Lattice QCD (complex f64, SU(3), Wilson gauge, HMC, staggered Dirac, CG solver,
pseudofermion HMC) validated on CPU and GPU. GPU Dirac (8/8) and GPU CG (9/9) form
the full GPU lattice QCD pipeline. Pure GPU workload validated on thermalized HMC
configurations: 5 CG solves match CPU at machine-epsilon parity (4.10e-16).

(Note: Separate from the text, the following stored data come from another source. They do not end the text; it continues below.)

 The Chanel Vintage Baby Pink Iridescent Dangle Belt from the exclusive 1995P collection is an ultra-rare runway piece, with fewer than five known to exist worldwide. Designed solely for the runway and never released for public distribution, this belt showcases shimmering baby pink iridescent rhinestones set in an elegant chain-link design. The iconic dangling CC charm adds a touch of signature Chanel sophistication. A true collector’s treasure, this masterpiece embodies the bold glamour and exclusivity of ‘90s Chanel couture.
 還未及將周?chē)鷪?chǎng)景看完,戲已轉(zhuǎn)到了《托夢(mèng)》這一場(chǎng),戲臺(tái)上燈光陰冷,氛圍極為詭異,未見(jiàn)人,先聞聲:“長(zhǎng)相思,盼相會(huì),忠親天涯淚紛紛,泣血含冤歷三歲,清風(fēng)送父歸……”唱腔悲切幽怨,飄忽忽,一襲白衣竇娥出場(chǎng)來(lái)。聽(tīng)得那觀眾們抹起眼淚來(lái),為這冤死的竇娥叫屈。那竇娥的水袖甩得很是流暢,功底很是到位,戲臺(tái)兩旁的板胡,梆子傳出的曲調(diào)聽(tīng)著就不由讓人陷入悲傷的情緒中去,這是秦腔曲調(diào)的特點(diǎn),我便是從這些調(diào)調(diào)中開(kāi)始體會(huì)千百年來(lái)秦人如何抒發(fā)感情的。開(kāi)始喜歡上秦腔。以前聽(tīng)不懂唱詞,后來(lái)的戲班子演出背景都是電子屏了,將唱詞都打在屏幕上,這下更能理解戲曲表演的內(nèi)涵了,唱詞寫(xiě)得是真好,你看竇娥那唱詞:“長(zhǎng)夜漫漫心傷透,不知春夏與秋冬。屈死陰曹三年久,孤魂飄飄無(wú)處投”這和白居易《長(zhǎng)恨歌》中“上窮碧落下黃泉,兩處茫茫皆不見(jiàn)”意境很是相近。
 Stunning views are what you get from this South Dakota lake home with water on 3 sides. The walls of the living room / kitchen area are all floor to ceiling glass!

Rust is 200× faster than Python for the same CG algorithm (identical iteration
counts, identical seeds). Paper 10 dynamical fermion QCD validates the full
pseudofermion HMC pipeline: heat bath, CG-based action, fermion force (with gauge
link projection fix), combined leapfrog. 7/7 checks pass on 4^4 with quenched
pre-thermalization and heavy quarks (m=2.0). Python control confirms algorithmic
parity. Paper 13 (Abelian Higgs) extends lattice infrastructure to U(1) gauge +
complex scalar Higgs field on (1+1)D lattice, demonstrating 143× Rust-over-Python
speedup.
metalForge NPU validation (AKD1000) overturns 10 SDK assumptions — arbitrary input
channels, FC chain merging (SkipDMA), batch PCIe amortization (2.35×), wide FC to
8192+, multi-output free cost, weight mutation linearity, and hardware determinism —
all validated on hardware (13/13 Python) and in pure Rust math (16/16).
ESN quantization cascade (f64→f32→int8→int4) validated across both substrates (6/6).

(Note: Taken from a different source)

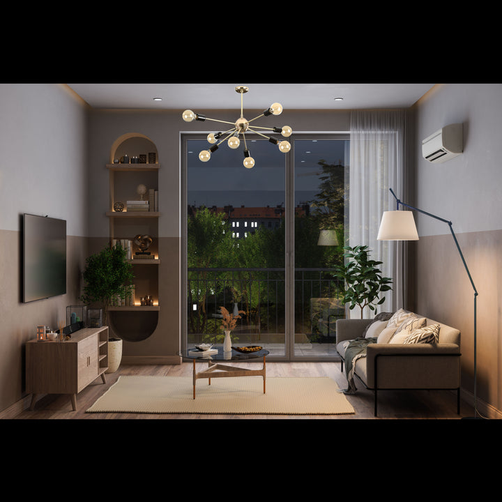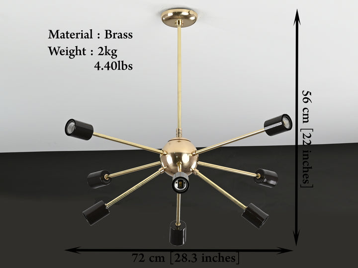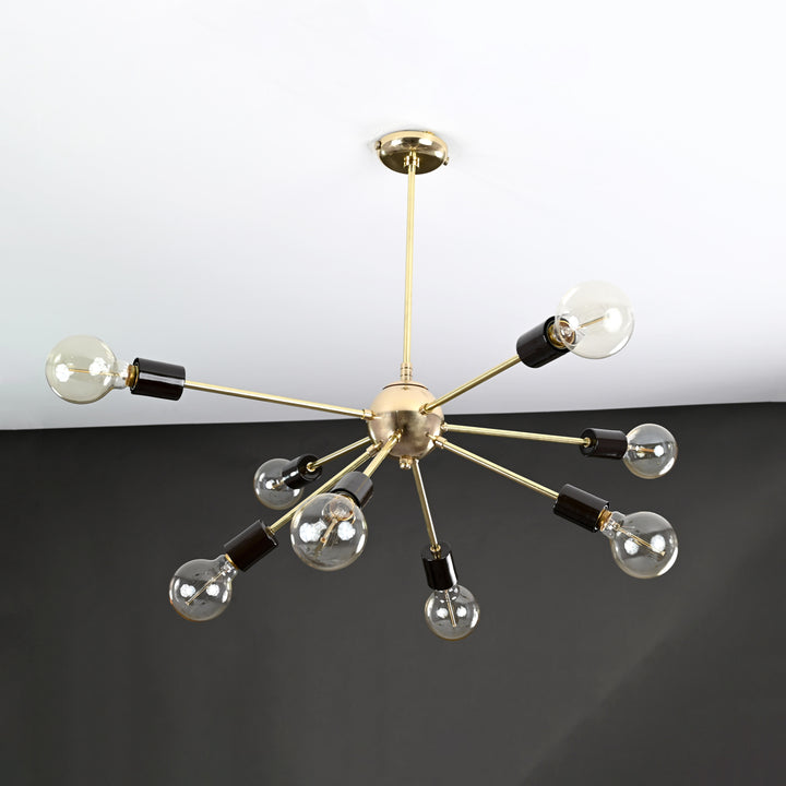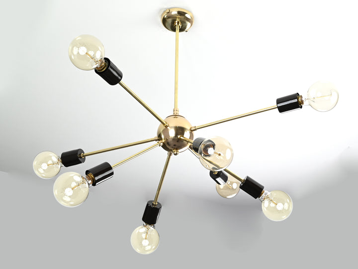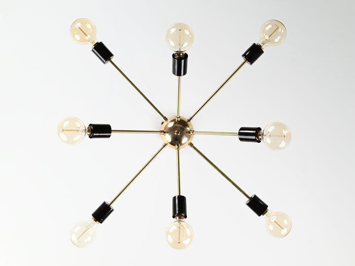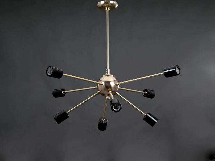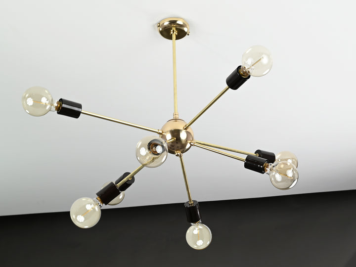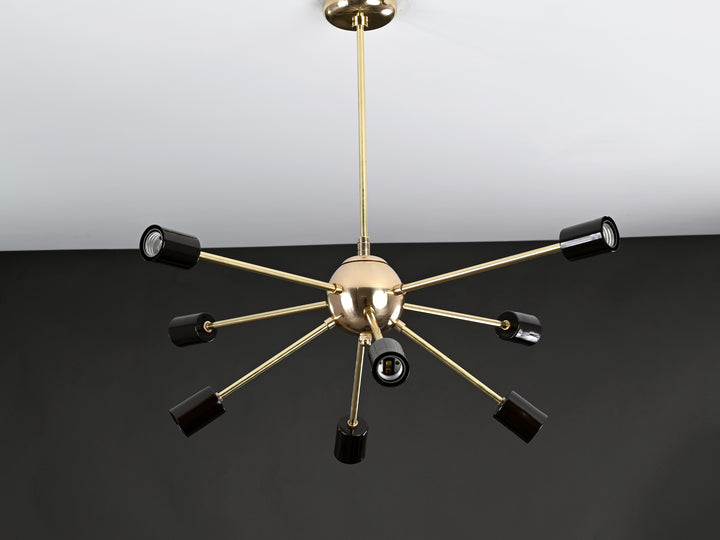 Mid-Century 8-Light Brass & Black Sputnik Chandelier – Modern Minimalist Ceiling Light - 32163

Full GPU→NPU physics pipeline validated end-to-end: MD trajectories → ESN training →
NPU multi-output deployment (D*, η*, λ*) with 9,017× less energy than CPU Green-Kubo.

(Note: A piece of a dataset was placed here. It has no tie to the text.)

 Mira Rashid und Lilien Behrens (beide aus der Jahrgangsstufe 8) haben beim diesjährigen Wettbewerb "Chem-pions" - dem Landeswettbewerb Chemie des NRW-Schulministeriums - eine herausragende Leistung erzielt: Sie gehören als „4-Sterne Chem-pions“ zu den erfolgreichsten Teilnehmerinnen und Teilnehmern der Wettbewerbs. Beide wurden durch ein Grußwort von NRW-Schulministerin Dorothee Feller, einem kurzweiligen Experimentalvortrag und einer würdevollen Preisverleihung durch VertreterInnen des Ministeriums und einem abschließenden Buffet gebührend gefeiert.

Lattice QCD heterogeneous pipeline: SU(3) HMC → ESN phase classifier → NpuSimulator
detects deconfinement transition at β_c=5.715 (known 5.692, error 0.4%) — no FFT
required for lattice phase structure (though GPU FFT f64 is now available via
toadstool Session 25 for full QCD). Real-time heterogeneous monitor validates five
previously-impossible capabilities: live HMC phase monitoring (0.09% overhead), continuous
multi-output transport prediction (D*/η*/λ*), cross-substrate parity (f64→f32→int4, max
f32 error 5.1e-7), predictive steering (62% compute savings via adaptive β scan), and
zero-overhead physics monitoring on $900 consumer hardware. See metalForge/ for full
hardware analysis.
See CONTROL_EXPERIMENT_STATUS.md for full details.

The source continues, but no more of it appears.